Kapitan składywęgla.pl Polonii tym razem startował w parze z Gregiem Hancockiem. Jazda zespołowa jednak nie do końca im wychodziła. - Tak się po prostu ułożyły nam wyścigi. Jechaliśmy od siebie oddzieleni. To decyzja menedżera, kto z kim jedzie w parze. Trzeba to uszanować i jechać dalej. Należy docenić, że się jest w tym składzie. Czasami sam siebie wyrzuciłbym z niego. Cieszę się z tego przełamania.

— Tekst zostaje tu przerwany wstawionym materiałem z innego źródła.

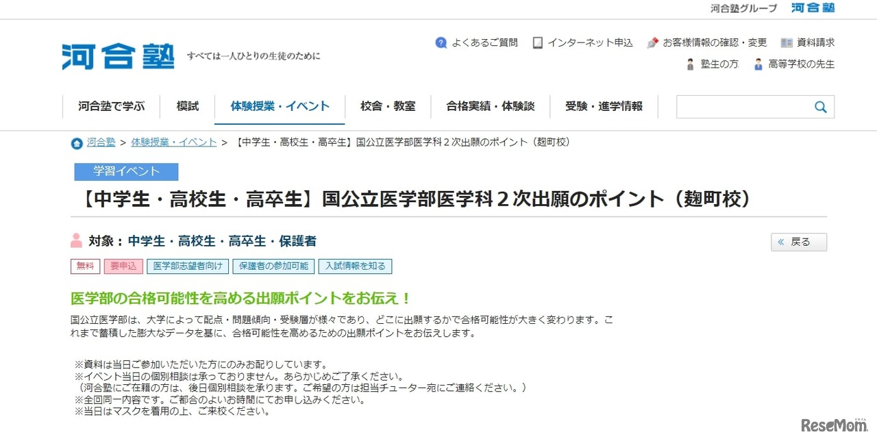 河合塾麹町校は2022年1月20・22・23・29日、国公立大医学部医学科への2次出願のポイントを伝えるイベントを開催する。参加は無料で、事前申込が必要。Webサイトまたは電話より申し込む。
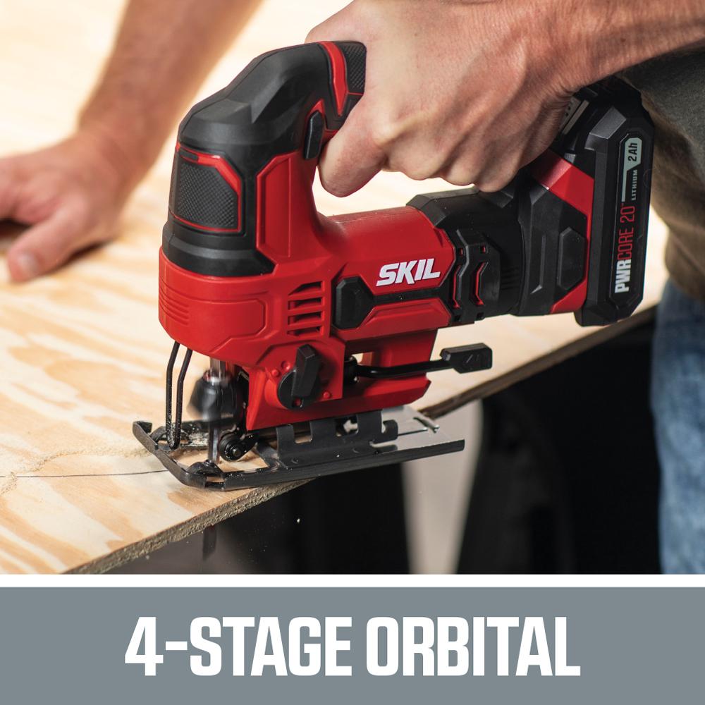 A Wood Saw With Focus On Precision. Customize each cut with the Skil 20-Volt Cordless Jigsaw. This safe and easy-to-use cordless jigsaw is perfect for first-time DIYers and experienced users alike. Its ideal for straight and intricate cuts in softwoods, particleboard and plywood. This power saw comes with a PWRCore 20-Volt 2.0 Ah Lithium Battery and 20-Volt Charger.
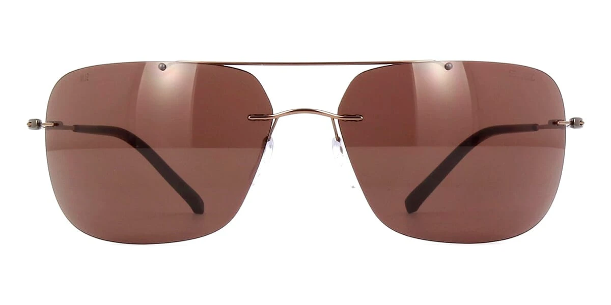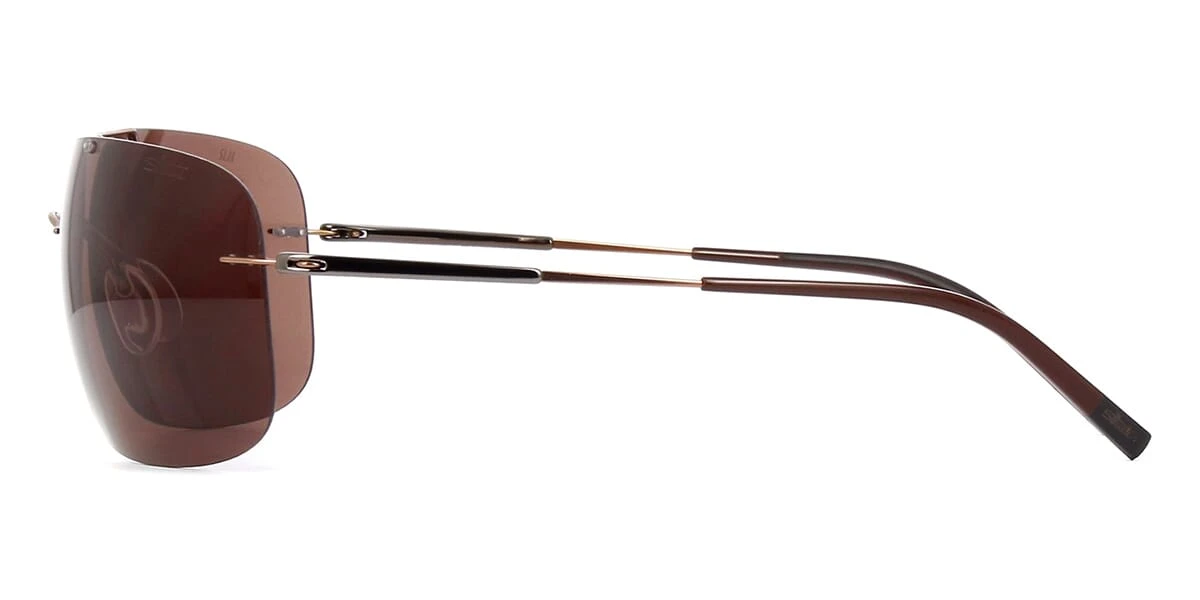 This wraparound Silhouette sunglass comes in a bronze and titanium frame with slm brown lenses.

Po meczu z Unibaksem Toruń Buczkowski mówił, że musi poukładać sobie pewne sprawy, zarówno w sprzęcie, jak i w sobie. Czy udało mu się to? - Mój tuner przemeblował sporo w sprzęcie i to daje skutek. Pod tym względem jest dobrze. Musimy popracować trochę nad dopasowaniem motocykli. Dziękuję panu Rysiowi, że poświęcił mi cenny czas. Co zmieniłem w sobie? Po prostu nie trenuję w Bydgoszczy. Czy to przed meczem ze Stalą, czy teraz, wolałem sobie odpocząć. Mam Szwecję i punktuję tam bez treningów, więc jest to jakiś sposób. Nie mówię, że stronię od treningów, ale staram się je ograniczać, by mieć tę świeżość w zawodach. Chociaż te dwa moje biegi z "jedynką" to po prostu przespałem i tyle - zakończył. Jesteś kibicem "czarnego sportu"? Mamy dla Ciebie fanpage na Facebooku. Zapraszamy!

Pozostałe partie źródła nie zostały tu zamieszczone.